AG: Pero a nosotros sí, ¿no? En el sentido de acompañar la labor editorial, o sea, no pensar en la ediorial para publicar nada más nosotros, sino donde tengamos lugar nosotros junto a los demás. Porque de otra manera… por ejemplo, este libro de Morquecho, se pierde [se refiere a Dos lecciones, editado por la Unidad Académica de Letras de la uaz]. Maritza va a publicar en Tierra Adentro… entonces creo yo que podría articularse. Es muy complicado, porque implica cosa de lana, implica cosa de empresarios, o sea, se necesita un empresario o una institución que deje actuar a un empresario cultural. Y la verdad no veo por dónde.

A-M: ¿Y cómo va esto [señalo el libro de Morquecho y me refiero a la colección]? ¿Este es un primer número?

AG: Pues va bien, o sea, las tiradas fueron en el sentido de recuperar. (Hicimos una maldad con Morquecho: no le dimos sus ejemplares de autor para que los regalara, porque si no no se recupera ni eso. Entonces ahí entrampamos a los amigos de Morquecho). Por lo menos creo que se puede recuperar lo que se invirtió, por lo menos.

A-M: ¿Como para hacer otro número, como para empezar a hacer una colección?

AG: Sí, claro. De hecho estamos trabajando un texto de Juan López Chávez, su tesis de doctorado, pero es una tesis más cara, más grande, estamos pensando en un formato como el de Isabel, tamaño carta. Serían dos colecciones: una de literatura, o más bien una de teoría, o de problemas teóricos y otra de problemas lingüísticos. Si hay forma de conseguir algunos apoyos ahí es donde podrían entrar ustedes y, bueno, en lo otro también, ¿no?

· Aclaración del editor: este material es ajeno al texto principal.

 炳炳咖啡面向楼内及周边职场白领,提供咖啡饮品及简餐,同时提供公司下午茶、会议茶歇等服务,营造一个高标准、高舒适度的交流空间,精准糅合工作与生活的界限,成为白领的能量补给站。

Lo que pasa es que hay mucho trabajo y poco recurso para sacarlo.

A-M: A propósito de esta generación que tú dices que está creciendo y se pelea, como que no tiene idea de grupo en realidad, o la tienen algunas personas en grupos muy reducidos. ¿En tu época tú te sentías parte de un grupo?

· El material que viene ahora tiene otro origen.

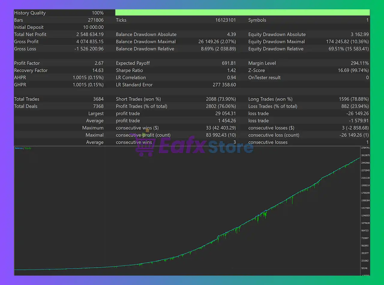 Enza EA uses a fixed Stop Loss, combined with intelligent placement of up to 6 additional recovery entries. This structure strengthens profitability while keeping exposure controlled. Its built-in volatility and news filters also help avoid high-risk conditions that typically cause large drawdowns.

AG: Nosotros no nos formamos como grupo local, sino que hubo un taller piloto que posibilitó que nosotros nos saliéramos de los pleitos locales y nos fuéramos al centro, al centro del taller que en este caso era San Luis y después fue Aguascalientes. En mi generación eran pleitos de otro tipo. En eso sí ha cambiado mucho la cosa, o bueno, no sé si ha cambiado mucho la cosa, pero yo creo que sí: eran pleitos de este tipo de poemas como los que se presentan mucho en Jerez: poemas de bandera y poemas de amor y había velaciones en los libros, se velaban como si fueran armas, toda la noche recitando poemas y bebiendo y cantando, entonces era una visión muy anquilosada de la literatura. En ese sentido el enemigo era claro una vez que lo detectamos, entonces el cambio de temática, el cambio de mirada, el cambio de forma y todo eso yo sí lo noto muy marcadamente. En León, por ejemplo, entre mi narrativa y la narrativa de un cuate llamado Leopoldo Navarro y una mujer que se llamaba Ruth Nazer, pues no hay punto de comparación, ahora sí que hay mucho de profesional y mucho de amateur, pero además muy anquilosado. Creo que la calidad de la disputa ha cambiado, por ejemplo, entre Pinto y Juan José no hay mucha diferencia, eso es lo que a mí me sorprende más, no veo por qué el pleito.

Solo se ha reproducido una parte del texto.